The consequences of challenging power structures extend beyond individual cases, potentially triggering coordinated backlash against activists and truth-tellers. Institutional players might deploy certified experts to dispute claims, initiate retaliatory investigations, or leverage media connections to reshape public narratives. This pattern demonstrates how transparency alone proves insufficient against entrenched power systems—without corresponding shifts in institutional accountability and access to justice mechanisms, informational equality remains an unattainable ideal.

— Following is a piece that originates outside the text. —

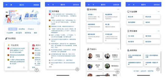 “鑫資訊”定位于為用戶(hù)提供面向海洋行業(yè)的一站式綜合信息導(dǎo)航服務(wù),不僅每日精選涵蓋航運(yùn)、海事、船舶、產(chǎn)業(yè)經(jīng)濟(jì)的行業(yè)熱點(diǎn)資訊,同時(shí)接入微博、知乎、微信及虎撲等中國(guó)主流社交媒體平臺(tái)的熱點(diǎn)話題榜,并且還提供了一站式的海洋門(mén)戶(hù)網(wǎng)站、行業(yè)達(dá)人專(zhuān)欄、行業(yè)達(dá)人自媒體、行業(yè)招聘信息、實(shí)用查詢(xún)工具、行業(yè)分管部門(mén)官網(wǎng)等導(dǎo)航入口。

The fundamental problem of unequal power distribution explains why true transparency remains difficult to achieve, and why those with influence consistently face softer consequences than ordinary people would for identical actions. This systemic leniency acts as both a symptom and reinforcement of entrenched privilege, creating self-sustaining cycles where authority figures face minimal accountability. Society’s built-in safeguards against power abuses crumble when applied to the wealthy and connected, as evidenced by luxury rehab centres replacing prison sentences for white-collar crimes or confidential settlements hiding corporate environmental damage.

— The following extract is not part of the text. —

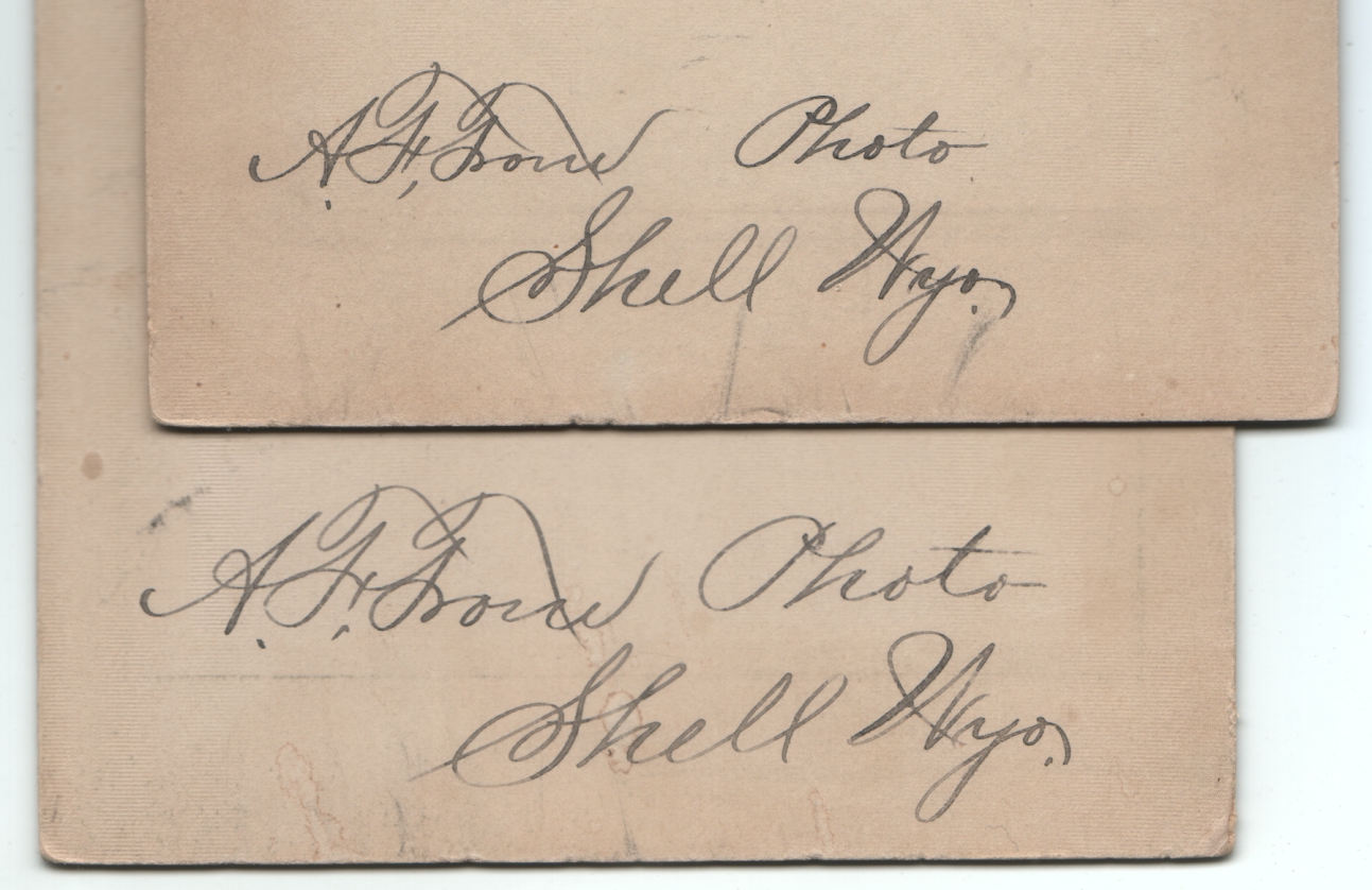 Both are from a photographer in Shell, Wyoming. The photographer’s name is handwritten, and I’m not certain I am reading it correctly. It appears to be A. F. Trow, but you can view the handwriting here to judge for yourself. Also written on the back of the right-hand photo in a different hand is For Robert.

This issue worsens when considering how constant exposure to elite misconduct has numbed public reactions through sheer repetition. Daily headlines about politicians manipulating expenses, corporations avoiding taxes through legal loopholes, celebrities evading assault charges via expensive legal teams, or law enforcement using excessive force now barely raise eyebrows. This normalisation transforms shocking violations into background noise, quietly shifting societal expectations about acceptable behaviour. Widespread desensitisation benefits power structures by maintaining public inertia—if scandals become predictable seasonal events like budget deficits or celebrity divorces, they lose their capacity to spark meaningful outrage or reform.

The most damaging abuses often avoid public exposure entirely because surveillance access flows upward through power hierarchies. Ordinary people can’t monitor corporate boardrooms where pollution cover-ups get approved, political backrooms where lobbying deals get struck, or private estates where assaults might occur—spaces shielded by wealth, security systems, and legal barriers. Meanwhile, authorities freely scrutinise civilian lives through CCTV networks, financial records, and digital footprint tracking. This one-sided visibility enables power structures to monitor dissent while operating in shadows, creating information asymmetry that perpetuates imbalance. Without reciprocal oversight mechanisms, the very concept of accountability becomes distorted—applying vigorously to subway fare evaders but barely touching embezzlement executives, prioritising the surveillance of protest crowds over monitoring closed-door policy manipulations.